# What the task requires
Using the material that follows, output exactly the lines from the one containing "- Fragments: Access" through the one containing "There are hundreds", with both ends kept.

# Supplied records
┌────────

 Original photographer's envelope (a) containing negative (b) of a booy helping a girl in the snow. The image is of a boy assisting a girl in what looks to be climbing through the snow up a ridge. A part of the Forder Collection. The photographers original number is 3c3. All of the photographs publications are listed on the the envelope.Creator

└────────
┌────────

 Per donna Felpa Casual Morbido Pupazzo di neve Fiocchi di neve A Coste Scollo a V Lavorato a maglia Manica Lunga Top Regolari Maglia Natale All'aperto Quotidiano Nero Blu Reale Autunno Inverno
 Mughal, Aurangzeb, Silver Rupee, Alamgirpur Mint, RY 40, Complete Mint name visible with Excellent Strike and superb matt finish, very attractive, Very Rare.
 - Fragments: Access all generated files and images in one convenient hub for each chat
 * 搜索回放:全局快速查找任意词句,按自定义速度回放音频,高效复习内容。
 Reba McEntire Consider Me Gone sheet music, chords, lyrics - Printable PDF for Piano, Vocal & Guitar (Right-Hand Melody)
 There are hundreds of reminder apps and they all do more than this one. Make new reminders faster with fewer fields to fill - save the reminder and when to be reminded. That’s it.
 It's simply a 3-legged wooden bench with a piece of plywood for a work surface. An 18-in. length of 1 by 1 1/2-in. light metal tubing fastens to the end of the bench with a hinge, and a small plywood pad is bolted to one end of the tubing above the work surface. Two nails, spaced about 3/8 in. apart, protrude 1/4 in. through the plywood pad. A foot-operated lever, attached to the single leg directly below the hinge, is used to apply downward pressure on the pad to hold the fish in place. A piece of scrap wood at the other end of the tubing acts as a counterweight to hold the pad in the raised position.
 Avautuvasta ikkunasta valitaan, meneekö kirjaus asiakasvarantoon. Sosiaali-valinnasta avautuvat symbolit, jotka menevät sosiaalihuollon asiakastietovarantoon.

└────────

# Response to this task
 - Fragments: Access all generated files and images in one convenient hub for each chat
 * 搜索回放:全局快速查找任意词句,按自定义速度回放音频,高效复习内容。
 Reba McEntire Consider Me Gone sheet music, chords, lyrics - Printable PDF for Piano, Vocal & Guitar (Right-Hand Melody)
 There are hundreds of reminder apps and they all do more than this one. Make new reminders faster with fewer fields to fill - save the reminder and when to be reminded. That’s it.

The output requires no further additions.